What Makes Las Vegas Slip and Fall Cases Special in Nevada?
In Las Vegas car accident cases, the at fault party is usually pretty clear. However, in slip in fall accidents, who is ultimately held responsible for a person’s injuries, is sometimes disputed. Traditionally, in Nevada, if a danger was “open and obvious”, then the owner of the property where someone fell, historically would not be liable for a person’s injuries after a fall. Additionally, if there was ‘no time’ for the property owner to find out about the danger, then the property owner usually was not held to be liable. An example is when a patron is walking, drops something, and causing the person walking behind them, to slip and fall. In the above example, the property owner would deny any culpability and it would be up to the judge and jury to assign blame.

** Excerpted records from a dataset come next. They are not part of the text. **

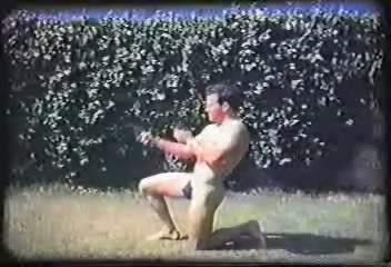Color 8mm reel of Blackie Preston posing with cowboy hat and gun for Bruce of LA in the mid 1960s.
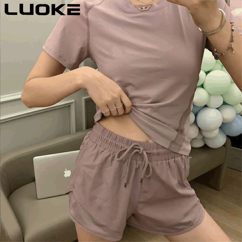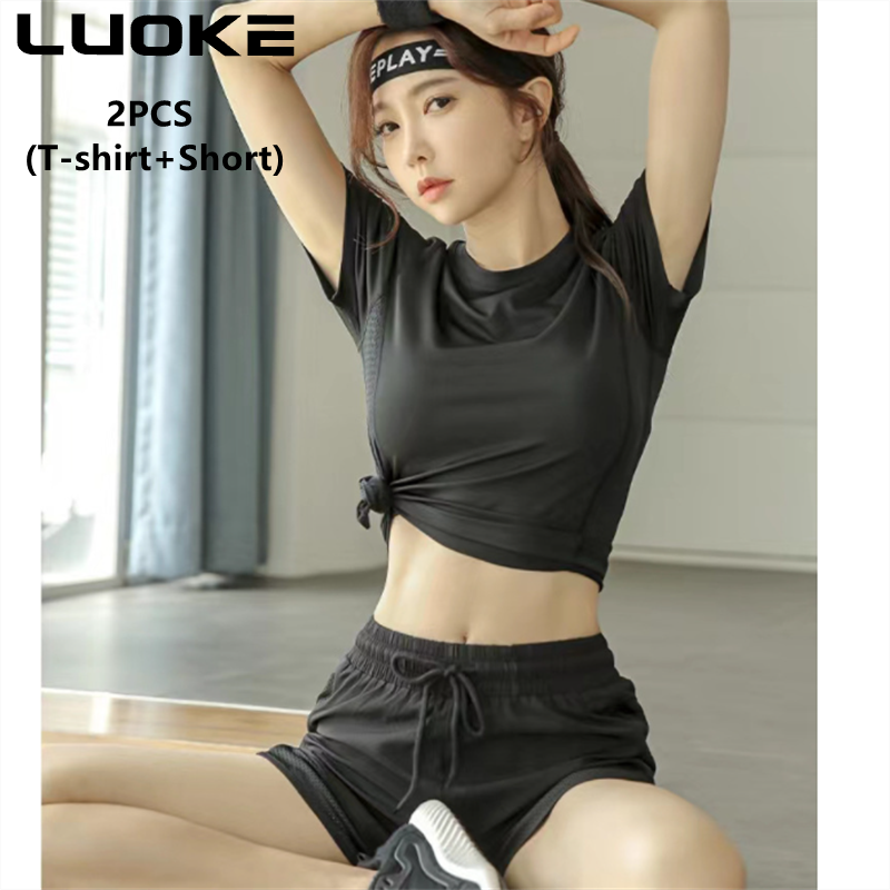 LUOKE Yoga Pants for Women Plus Size with Pockets Yoga Suit for Women Elastic Fitness Sport Short Pants Women Wear Running Shorts Pants Quick Dry High Elasticity Double Layer
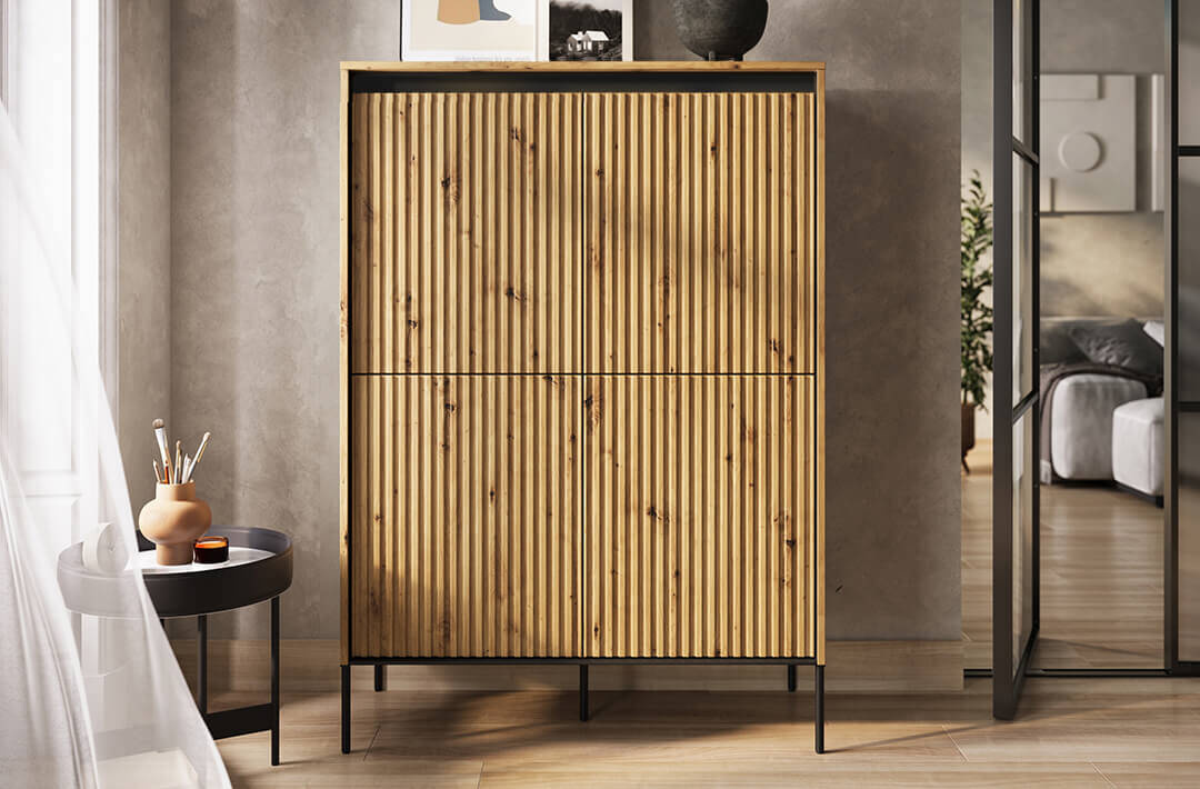 TREND TR-03 to wysoka komoda ryflowana, która dzięki swym bogato wykończonym detalom, jak frezowanie czy elegancko zakończone krawędzie, staje się nie tylko praktycznym meblem do przechowywania. Jest to równocześnie dzieło sztuki użytkowej, które ożywi każde wnętrze i doda mu ponadczasowej elegancji. Wykorzystane materiały, jak płyta wiórowa laminowana oraz płyta MDF, są trwałe i odporne na codzienne użytkowanie. Wybierając komodę TREND TR-03, stawiasz na jakość i design, które sprostają wymaganiom nawet najbardziej wymagających użytkowników.
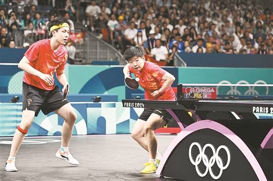孙颖莎/王楚钦(左)在比赛中 羊城晚报特派巴黎记者 林桂炎 摄
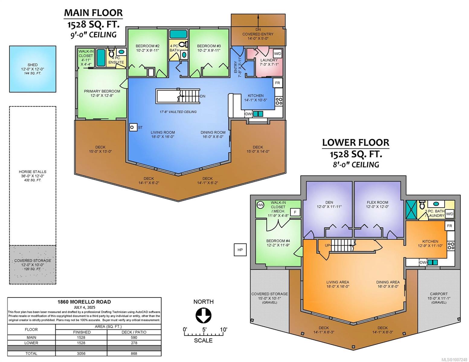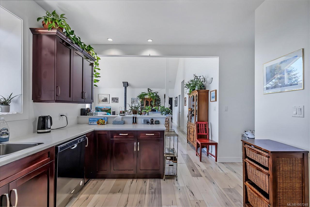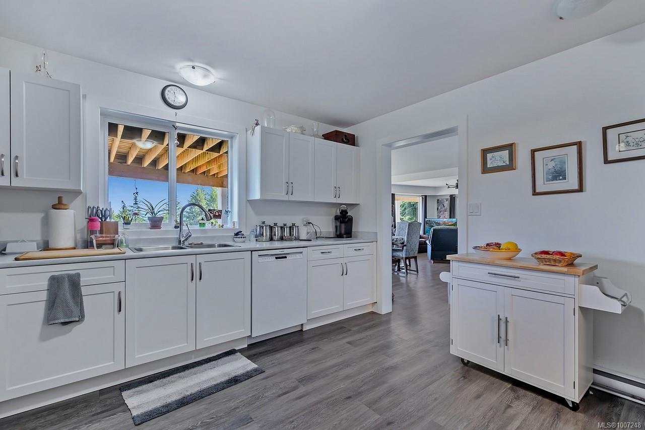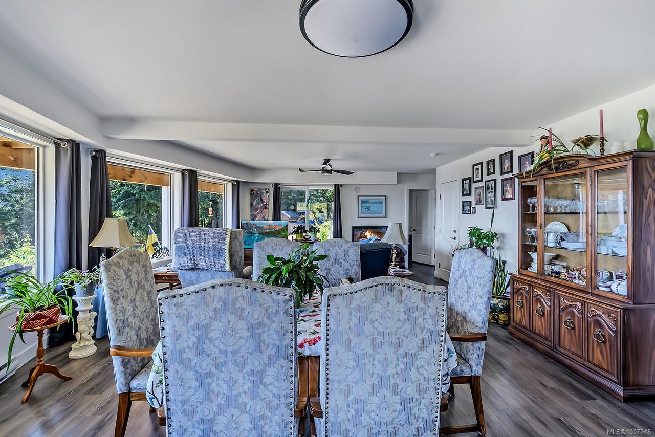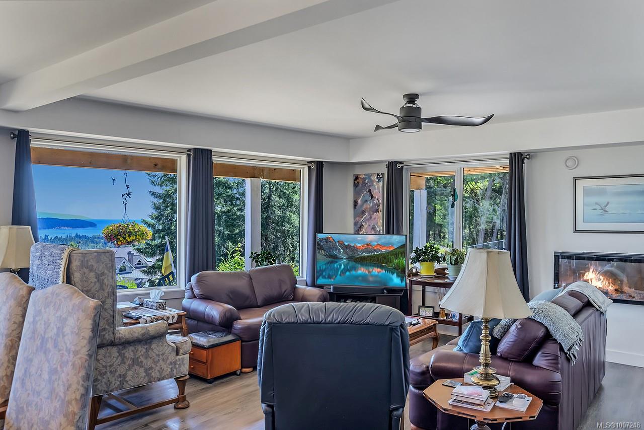 Just off the main paved Morello Road, a steep gravel driveway leads to a jewel of a property including the still like new 4-bed, 3-bath home. Perched on a 5.11-acre hillside property overlooking stunning views of Nanoose Bay, Salish Sea, & the Coastal mountains. The main floor features vaulted ceilings, picture windows, an open living/dining area with a cozy stove, a large kitchen with ample cabinetry, 3 bedrooms including the primary bedroom and 4pce ensuite, a 4pce main bath, laundry room, and a wrap around balcony with multiple seating areas. Downstairs is a bright 1-bed in-law suite with its own kitchen, den, flex room, 3-pce bath, laundry, and walkout patio. Additional features include an electric furnace with heat pump, metal roof, drilled well, septic & the remainder of the builders warranty. Ideal for horse lovers, the large yard includes a flat paddock area with shelter and covered storage. A unique property with incredible potential with great zoning and unforgettable views.
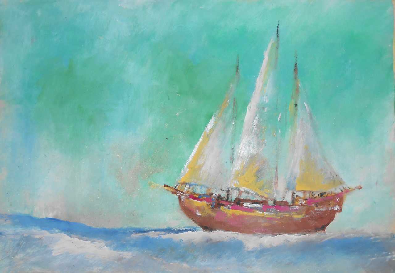 На гребне волны Бумага Смешанная техника Абстрактный субъективизм Морской сюжет
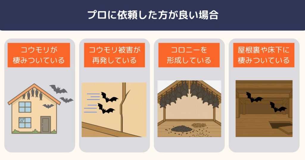 また、コウモリが家に棲みついている、被害が拡大しているなどのケースも、プロの駆除業者へ依頼するのが安全です。
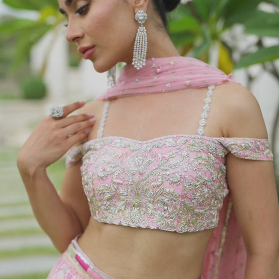 In a cool shade of pink, this ensemble radiates modern femininity with timeless charm. The pure raw silk choli is richly adorned with silver and champagne embellishments, elevated with a graceful shoulder drop and a butterfly-inspired motif delicately gracing the back, a poetic detail that adds whimsy to its elegance. The look is paired with a voluminous lehnga, its surface alive with deep pink accents, intricate embellishments, and sunburst chan booti, creating layers of texture and movement. Completing the ensemble, a pink net dupatta is scattered with tiny floral bootis and chan, finished with golden kingari edging that lends a soft radiance. Romantic and refined, this creation celebrates bridal artistry with a perfect harmony of playful detail and graceful sophistication.
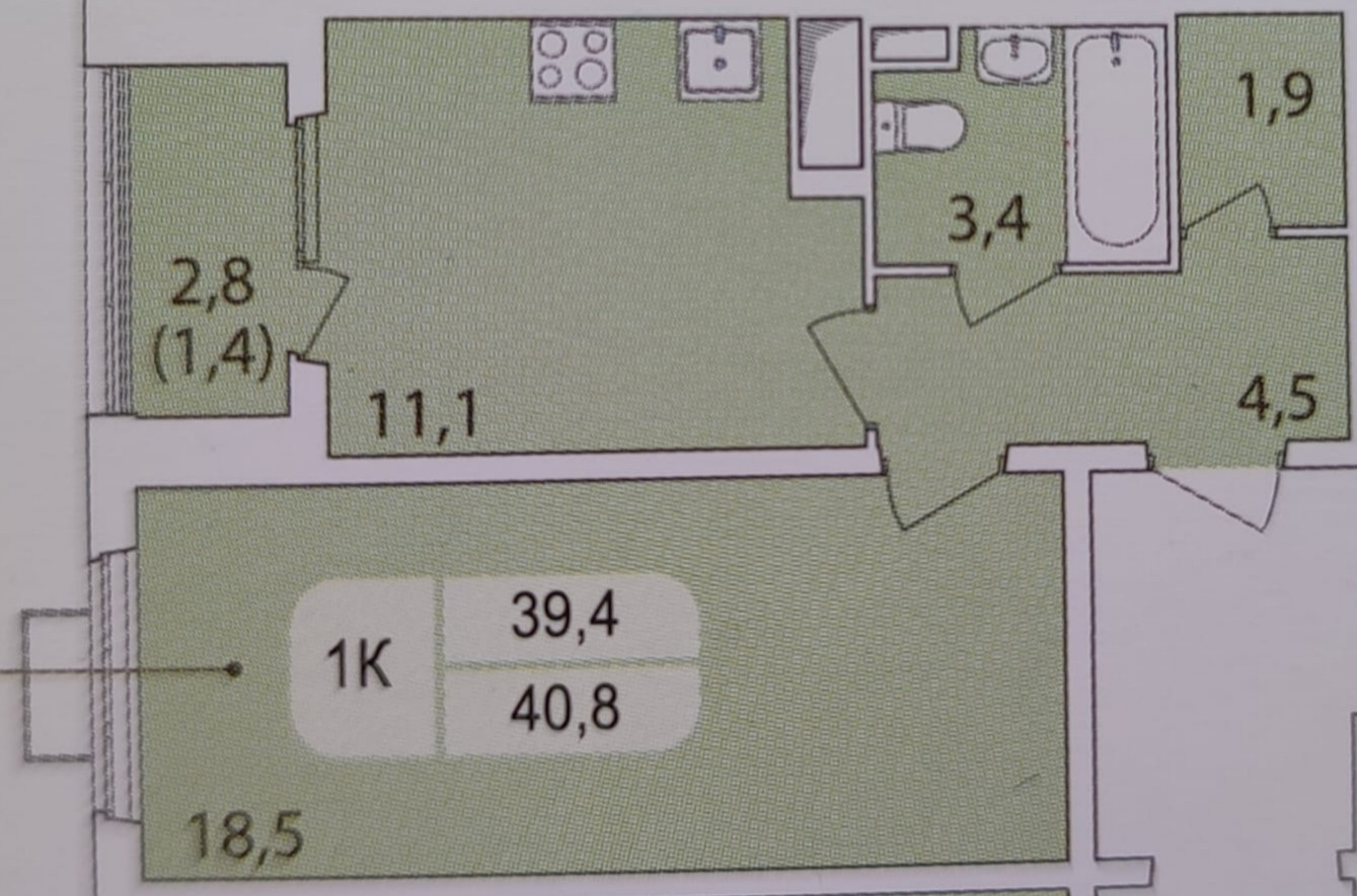 Общая площадь 40.8 м2
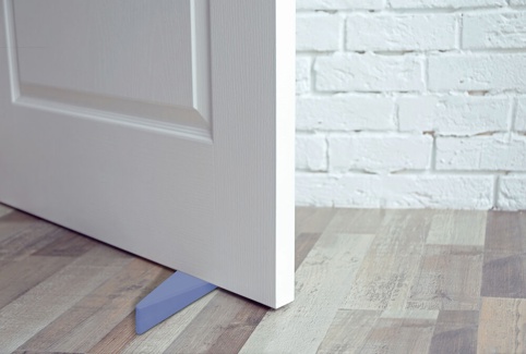Blågrå dørkile af gummi holder nemt døren åben
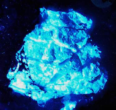 scheelite under ultraviolet light; scheelite usually fluoresces a bright blue
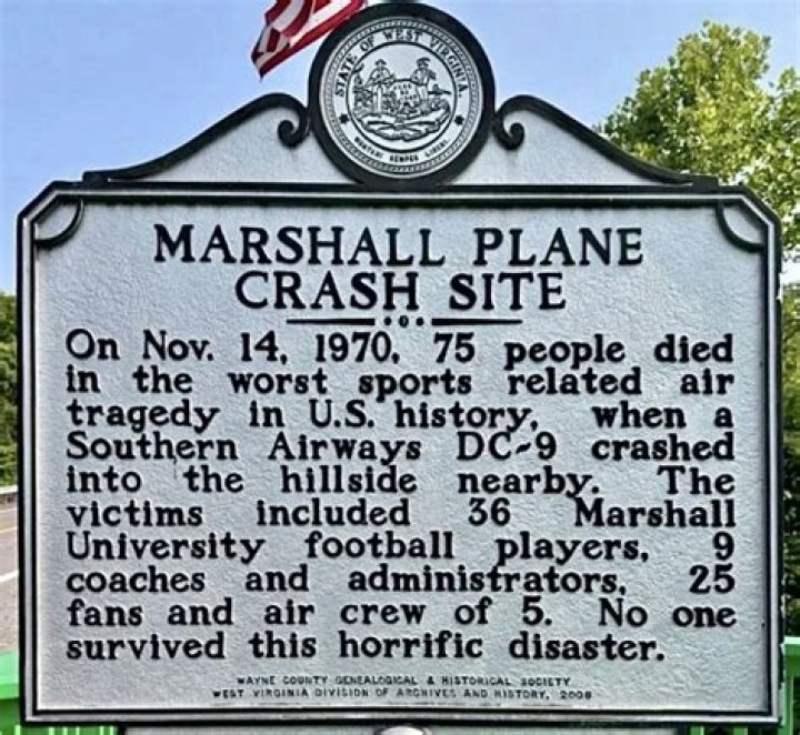 On November 14, 1970, a chartered jet carrying most of the Marshall University football team clips a stand of trees and crashes into a hillside just two miles from the Tri-State Airport in Kenova, West Virginia, killing everyone onboard.
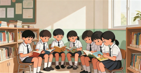 课间的时候,图书角总是最安静的地方。有的同学坐在椅子上看书,有的把头凑(còu)在一起讨论故事书里的情节。这个小小的图书角,就像一位温柔的朋友,每天都给我们带来有趣的故事,让我们在书里看到好多奇妙的世界。
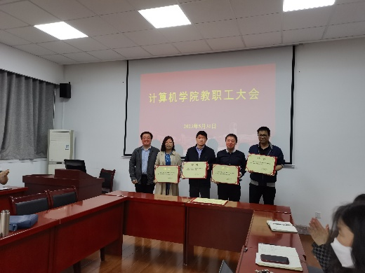 会上,副经理金浩宣读了公司两个聘任文件《关于聘任张小艳等同志为计算机公司教学督导教师的通知》《公布计算机公司教学创新团队的通知》,于振华、金浩分别为教学督导和教学团队带头人颁发了聘书。
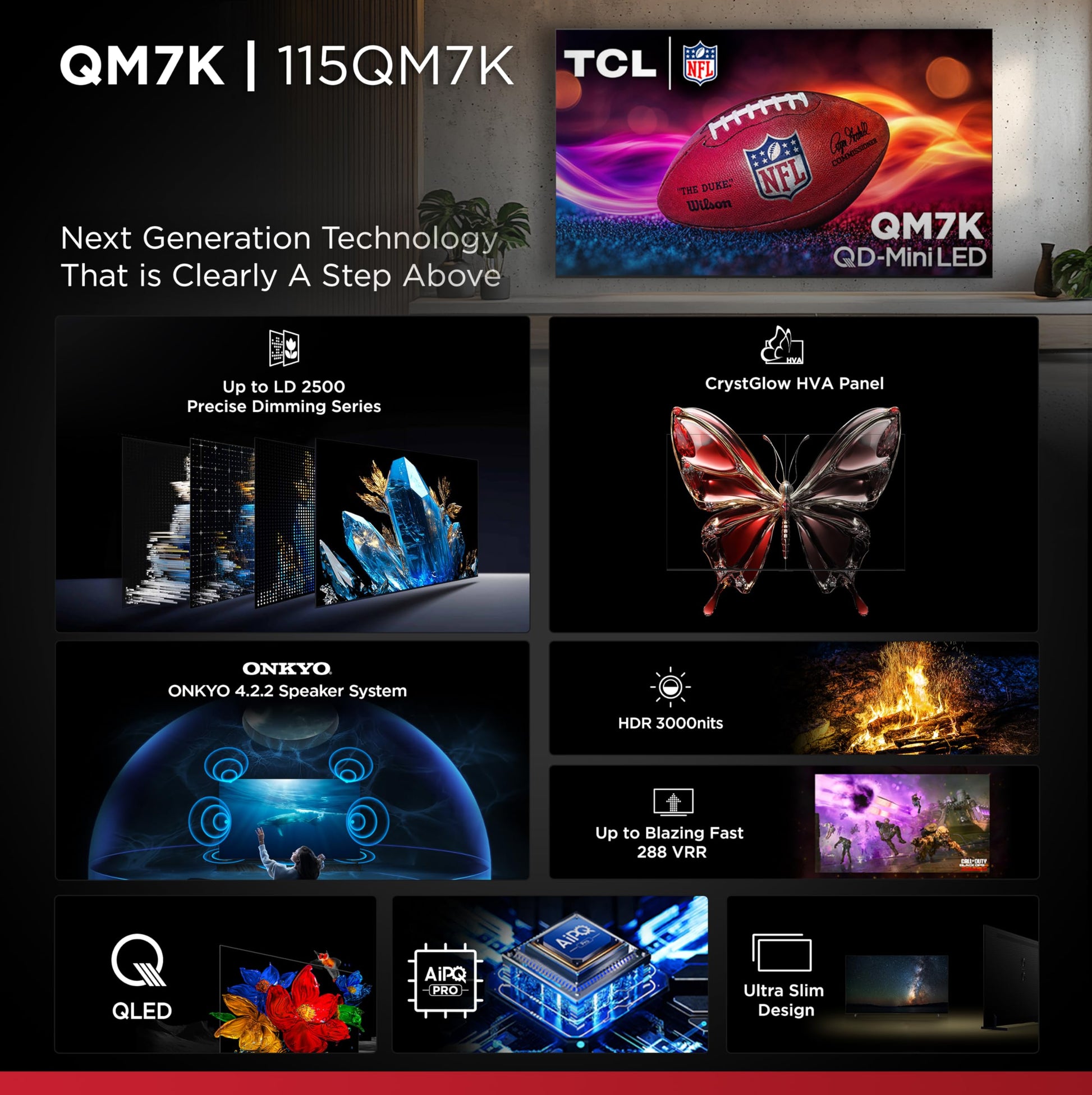 TCL 115" QM7K QD-Mini LED 4K TV | 288Hz, Dolby Vision IQ, Atmos

However, there are two well known exceptions to the traditional slip and fall rule just discussed. The first exception is often referred to as the recurrent risk approach. The recurrent risk approach was laid out in the Nevada Supreme Court case of Sprague v. Lucky Stores, Inc., 109 Nev. 247, 251 (1993). In Sprague, the Nevada Supreme Court held that whether the property owner had knowledge of "chronic hazard" of debris on floor in produce department, was an issue for the jury to decide. If it was proved at trial that there was in fact a recurrent risk, then the property owner would liable for the slip and fall victim’s injuries.
The second and more recent exception to the traditional slip and fall rule in Nevada, was carved out by the Nevada Supreme Court in 2012. It is called the negligent mode-of-operation liability theory (“NMOO”). FGA, Inc. v. Giglio, 278 P. 3d 490 (2012) 128 Nev. Adv. Op. No 26.
In NMOO cases, if the property owner has a negligent mode of operating, then they are held liable for a slip and fall victim’s injuries. The Giglio court found that in a self-serve context, the NMOO liability theory applies. So, let’s say for example, Donald Lim is out to dinner at a self serve restaurant. While Donald is walking to his table, he slips and falls on food or liquid on the floor, which was dropped by another guest. Based upon the NMOO, your highly skilled Las Vegas slip and fall attorney will argue, it is foreseeable that the people carrying food or drinks will get food or drinks on the floor, causing people like Donald to fall. Pursuant to the 2012 Giglio case on NMOO, Donald does not need to prove actual or constructive notice at the time of trial. It is foreseeable that people are going to fall.
In addition to Nevada law recognizing the NMOO concept, other states also recognize it. Owens v. Publix Supermarkets, Inc., 802 So. 2d 315 (Fla. 2001) (if the evidence establishes a specific negligent mode of operation such that the premises owner could reasonably anticipate that dangerous conditions would arise as a result of its mode of operation, then whether the owner had actual or constructive knowledge of the specific foreign substance is not an issue).